Легкие перехватило, и у меня вырвался болезненный вздох. Дождь усилился, отлетая от ближайшей мусорки и впитываясь в мою кожу. Я надеялась, что он скроет влагу, которой наполнялись мои глаза.

Почему ему надо было все усложнять? Я что, одна видела, что все это не имело смысла?

– Почему только я смотрю на ситуацию рационально?

– Потому что с тобой никогда не было все так запущено, как со мной. – Ни одной эмоции за этими словами. Только холодные, неопровержимые факты. Впрочем, что-то мелькнуло в его глазах, что-то уязвимое и выворачивающее душу наизнанку. Что-то, что я раньше видела в своих глазах. Что-то безответное.

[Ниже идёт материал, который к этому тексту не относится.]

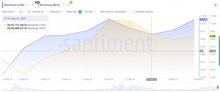 The chart below shows the changes in market capitalization of Chainlink in comparison to Bitcoin Cash since the Ethereum ETF approval.

– Когда я сказал, что не привык, я имел в виду, что не могу думать, когда речь идет о тебе. Мне не стоило говорить того, что я сказал, malyshka. Одна мысль о том, что кто-то тебя тронет, что кто-то заберет тебя у меня… – Его взгляд стал темным. – Сводит меня с ума.

Я поежилась, потому что ледяной дождь стекал мне под платье. Тепло его тела касалось моей кожи, словно я стояла возле костра. Я хотела шагнуть ближе, страх обжечься становился все более и более далеким.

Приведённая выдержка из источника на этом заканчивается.